Shinji nodded, “I see what you mean. But how would they hide such a thing?”

“A puzzle, Shinji,” Hunter continued, “A great puzzle whose pieces, laced with knowledge and prophecy, are hidden throughout the ages, and whose final pieces end at the great shift. Only then would it have been possible to solve the puzzle and unlock your secrets. But somebody knew about this puzzle, and hid the pieces away in a place they knew nobody would ever think to look.”

“Whether they thought to leave the matter to simple fate, or whether they knew more about our future than we can imagine possible, I do not know. In either case, your long wait is at an end, Shinji.”

“These… pieces, they have been found?”

“In an old vault, deep in the New Babylon nether—“

“I must send an expedition at once!” Shinji exclaimed, moving toward the inter-comm button on his console.

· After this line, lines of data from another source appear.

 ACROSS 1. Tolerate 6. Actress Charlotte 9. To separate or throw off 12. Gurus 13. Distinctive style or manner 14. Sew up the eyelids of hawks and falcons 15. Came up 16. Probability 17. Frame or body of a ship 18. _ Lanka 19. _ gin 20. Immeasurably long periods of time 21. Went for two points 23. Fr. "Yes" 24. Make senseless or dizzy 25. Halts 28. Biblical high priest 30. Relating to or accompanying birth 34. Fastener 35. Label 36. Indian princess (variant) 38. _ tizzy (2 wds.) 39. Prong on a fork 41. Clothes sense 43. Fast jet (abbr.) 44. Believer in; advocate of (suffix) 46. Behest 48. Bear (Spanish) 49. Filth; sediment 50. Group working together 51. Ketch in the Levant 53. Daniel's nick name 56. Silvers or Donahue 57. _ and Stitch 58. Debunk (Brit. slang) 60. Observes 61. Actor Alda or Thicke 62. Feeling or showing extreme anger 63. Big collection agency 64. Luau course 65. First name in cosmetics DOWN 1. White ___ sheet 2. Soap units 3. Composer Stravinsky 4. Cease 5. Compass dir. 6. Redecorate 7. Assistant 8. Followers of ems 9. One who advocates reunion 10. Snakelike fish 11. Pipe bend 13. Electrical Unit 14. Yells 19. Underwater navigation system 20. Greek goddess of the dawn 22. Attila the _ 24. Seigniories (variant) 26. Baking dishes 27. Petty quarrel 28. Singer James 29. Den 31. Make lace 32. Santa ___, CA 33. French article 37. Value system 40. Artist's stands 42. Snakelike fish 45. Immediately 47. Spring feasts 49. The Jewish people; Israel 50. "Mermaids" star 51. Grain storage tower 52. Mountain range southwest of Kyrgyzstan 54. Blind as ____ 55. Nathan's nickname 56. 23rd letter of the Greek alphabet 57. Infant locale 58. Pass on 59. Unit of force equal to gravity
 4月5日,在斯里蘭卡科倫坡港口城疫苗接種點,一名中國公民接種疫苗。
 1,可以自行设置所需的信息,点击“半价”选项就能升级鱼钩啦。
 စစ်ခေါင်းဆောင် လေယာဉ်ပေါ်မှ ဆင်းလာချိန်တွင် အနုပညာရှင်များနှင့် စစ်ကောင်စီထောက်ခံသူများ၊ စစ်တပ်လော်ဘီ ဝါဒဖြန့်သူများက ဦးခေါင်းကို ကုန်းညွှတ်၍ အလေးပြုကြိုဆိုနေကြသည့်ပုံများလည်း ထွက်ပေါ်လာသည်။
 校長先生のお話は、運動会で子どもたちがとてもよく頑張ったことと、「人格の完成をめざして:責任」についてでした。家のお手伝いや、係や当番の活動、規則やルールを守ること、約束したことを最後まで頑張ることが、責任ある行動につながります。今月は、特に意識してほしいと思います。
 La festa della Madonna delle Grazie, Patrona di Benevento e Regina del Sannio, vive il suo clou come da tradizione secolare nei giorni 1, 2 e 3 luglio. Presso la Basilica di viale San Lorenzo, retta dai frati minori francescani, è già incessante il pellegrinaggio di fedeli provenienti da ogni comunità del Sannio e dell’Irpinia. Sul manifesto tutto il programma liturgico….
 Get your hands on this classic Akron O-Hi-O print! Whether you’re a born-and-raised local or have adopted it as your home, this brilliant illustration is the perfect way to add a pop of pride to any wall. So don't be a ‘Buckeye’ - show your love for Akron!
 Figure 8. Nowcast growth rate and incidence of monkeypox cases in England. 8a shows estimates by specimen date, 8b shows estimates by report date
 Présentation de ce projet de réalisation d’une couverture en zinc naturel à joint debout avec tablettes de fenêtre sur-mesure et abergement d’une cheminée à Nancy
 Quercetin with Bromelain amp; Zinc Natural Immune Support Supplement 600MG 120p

“You will not find it there any longer,” said Hunter. “The artifacts disappeared shortly after they were found, but the man who found them knows more about your secrets than any other person in human history, and incidentally he is also the other person in human history with the capacity to put the puzzle back together.”

“You will give me the identity of this man.”

“Yes, Shinji, but you should know that I have already informed Mordakhi and Armistad of his existence.”

“What?” Shinji cried, “You have betrayed me!”

“Not so, Shinji,” Hunter replied, calmly, “But I thought it wise to divert the focus from being squarely on you, and to incite a certain level of confusion that you might use to your advantage. They do not know what you know, Shinji; both believe they are seeking what they most wished to find. You are the only person to whom I have told the entire truth.”

“And why should I trust that you have chosen me to reveal this information to, out of all my rivals?”

“Because you know what I know: the virtues of patience,” said Hunter.

Shinji thought about this for a moment, then nodded, “Tell me about this man, and where I can find him.”

Hunterwraith smiled beneath his mask. A measure of truth could accomplish things that an out-and-out lie never could.